That, of course, made me despise the Red Sox even more. And the disgust spread to all things New England, including the Patriots, David Ortiz and Ben Affleck. It was chic to root for all things Massachusetts. And Red Sox Nation was at the vortex of this virus.

Boston's charm was not only in its ancestral role as underdog, but also its prerogative as undermanned vis-à-vis New York -- the proletarian versus the privileged. But when you spend $627 million over the last four years -- sans one playoff win -- you lose your right to gripe over Gotham.

And now Boston's swan song has sequels, remixes and censors. It has become too ugly for public consumption, and there's no better microcosm than their manager.

This has been a brutal week for Bobby Valentine. Between his threat to punch a talk-show host in the mouth and Tom Verducci's dissertation on the dissolution of the 2012 Red Sox, Valentine comes off as a cocktail of Tony Bernazard, Mike Tyson and Jim Mora.

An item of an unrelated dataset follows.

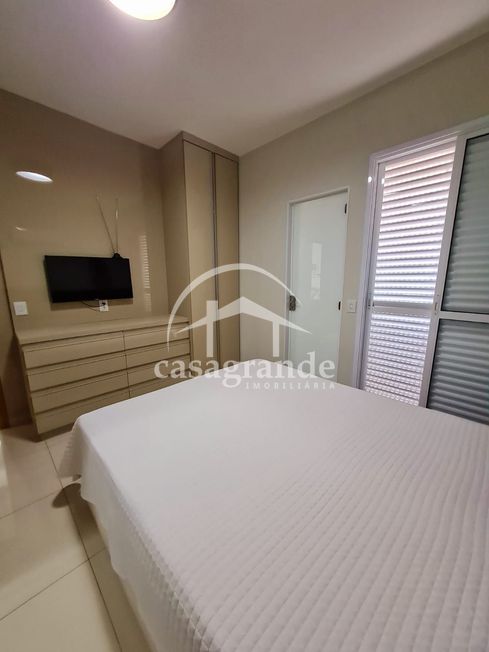 Suíte possui ar condicionado e sacada fechada com cortina de vidro.

In the Sports Illustrated feature, a baseball executive said that running a baseball team with Valentine as your manager turns you into a "referee" between the players and manager, which "gets old."

If you said you knew that the results would be this historically bad, you're flat-out lying. Frankly, I didn't understand why Terry Francona was fired. Two World Series trophies and killing "The Curse" surely negates a 7-20 September. Or not.

But if the anti-Francona had to happen, I didn't think that Valentine was a bad idea. If nothing else, it shows how corrosive that clubhouse really was. George Patton couldn't have gotten the Red Sox to play hard this year.

Which leads to an interesting question: Can you hate your antagonist, your rival, your antichrist, when they suck? It becomes much harder, to be sure. As a Steelers fan, I don't hate the Raiders the way I did 33 years ago, when George Atkinson and Jack Tatum were punching the snot out of Lynn Swann. Where's the fun?  Half the hatred springs from the threat of losing to them, either directly or in the standings. Thus, my rancor is redirected at the Ravens.

Now the Red Sox have dumped a quarter-billion dollars in payroll, raised the white flag and made a pennant race moot. They are -- gasp! -- rebuilding. This is something that can occur anywhere but the Bronx, but it is jarring to see in Boston,  where money flowed exponentially over the last decade and where the Red Sox became eerily similar to the Yankees. Perhaps karma foiled them more than any poor free-agent signing.

It's almost impossible to hate the Red Sox when they're this bad. Almost. Stomp them now, before they get good again, which will eventually happen. Eventually.

Feel free to email me at Keidel.Jason@gmail.com and follow me on Twitter here.

What do you think, Yankees fans? Still hate the Sox as much as ever? Let us know your thoughts in the comments section below...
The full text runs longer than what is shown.